A review by the Nuclear Regulatory Commission (NRC) of the long-term safety of the Yucca Mountain repository for nuclear waste in Nevada has improved the chances that it may go ahead, despite the project being mothballed by the Obama administration back in 2010. The NRC’s “safety evaluation report” concludes that the repository, if built, would “meet the applicable [NRC] performance objectives” for environmental impact once it is permanently closed. However, that report does not actually state whether the NRC should give the green light to the repository being built.

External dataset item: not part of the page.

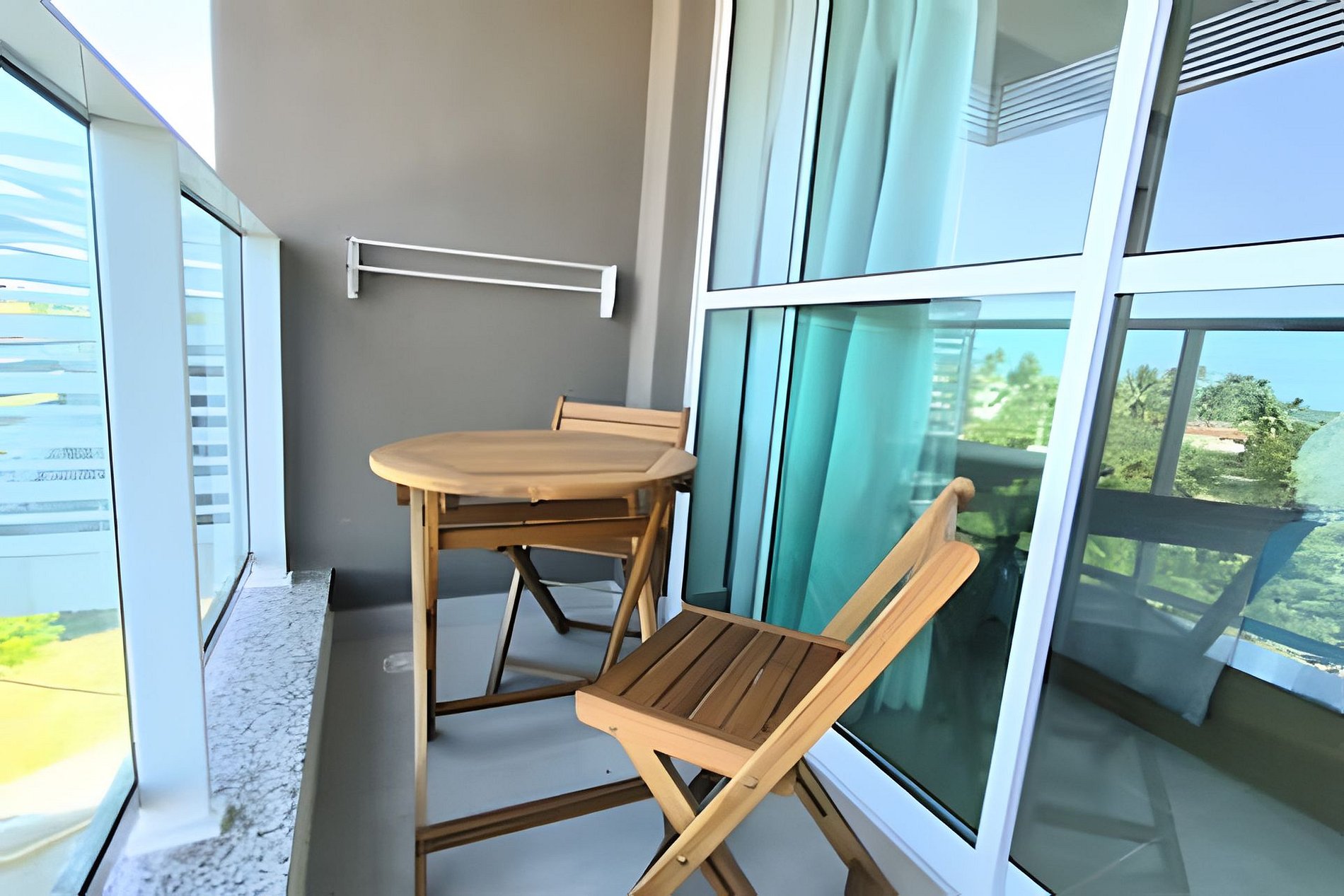Vista para o mar, o espaço é novíssimo, tudo do bom e do melhor, os melhores produtos e materiais do mercado, decorado e ambientado por profissionais, para tornar o apartamento confortável, belo e inteligente com tudo que existe de melhor, colchões de alta qualidade, lençóis de algodão 250 fios, ar condicionado, televisão, conforto e praticidade. Tudo isso apenas a 50 metros do mar.

The US Congress originally chose Yucca Mountain as one of five possible central storage sites for nuclear waste in 1986, and designated it as the only choice the following year. By 1997, the Department of Energy (DOE) had tested the site’s suitability for the task by burying metal containers deep underneath the mountain and heating them to simulate the effect of radiation from nuclear waste on the local environment.
Located about 150 km north of Las Vegas, the site was originally intended by the DOE to hold waste safely for 10,000 years after it was sealed. But in 2004 – in response to a case brought by the state of Nevada – a federal-government appeals court ruled that the assurance of safety should last for hundreds of thousands of years, prompting the NRC to begin a review of the site’s safety. However, the election of President Barack Obama in 2008, who had campaigned against the project, seemed to end the matter, and two years later Gregory Jaczko, whom Obama had chosen as chair of the NRC, shut down the review.
Multiple barriers
After a three-year hiatus, the review started up again when another appeals court – responding to a lawsuit bought by states and counties unable to ship their nuclear waste – ordered it to be completed. Released in October, the review approves the repository’s safety standards for individual protection, human intrusion and groundwater protection through the use of multiple barriers to isolate the environment from any radioactivity.
Then five days after the report was published, NRC chair Allison Macfarlane, an opponent of the repository, announced that she will leave the commission at the end of 2014. Macfarlane, who succeeded Jaczko as NRC chair two years ago, was the only geologist on the five-member commission, and frequently appeared in the minority on votes, particularly those involving the safety of nuclear reactors. She will now become director of the Center for International Science and Technology Policy at George Washington University.
Macfarlane’s departure was not the only boost for Yucca Mountain’s proponents. The Republican Party’s capture of the Senate in last month’s US mid-term elections means that Nevada Democrat Harry Reid will lose the leadership of the Senate – a position that had enabled him to block all efforts to advance the repository during the past four years. Republican Cresent Hardy, newly elected to the House of Representatives from the constituency that contains Yucca Mountain, supports the project.
Expensive and time-consuming
Resurrecting Yucca Mountain is, however, likely to be expensive and time-consuming. “To get to the point where we have a licensing decision, we would need to complete a supplement to the environmental-impact statement from the DOE,” NRC spokesperson David McIntyre told Physics World. “We would also have to complete an adjudicatory hearing that would need perhaps two or three years.”
And while the NRC has direct oversight of Yucca Mountain, the DOE – which remains in the hands of Obama-administration appointees – will still decide whether it goes ahead.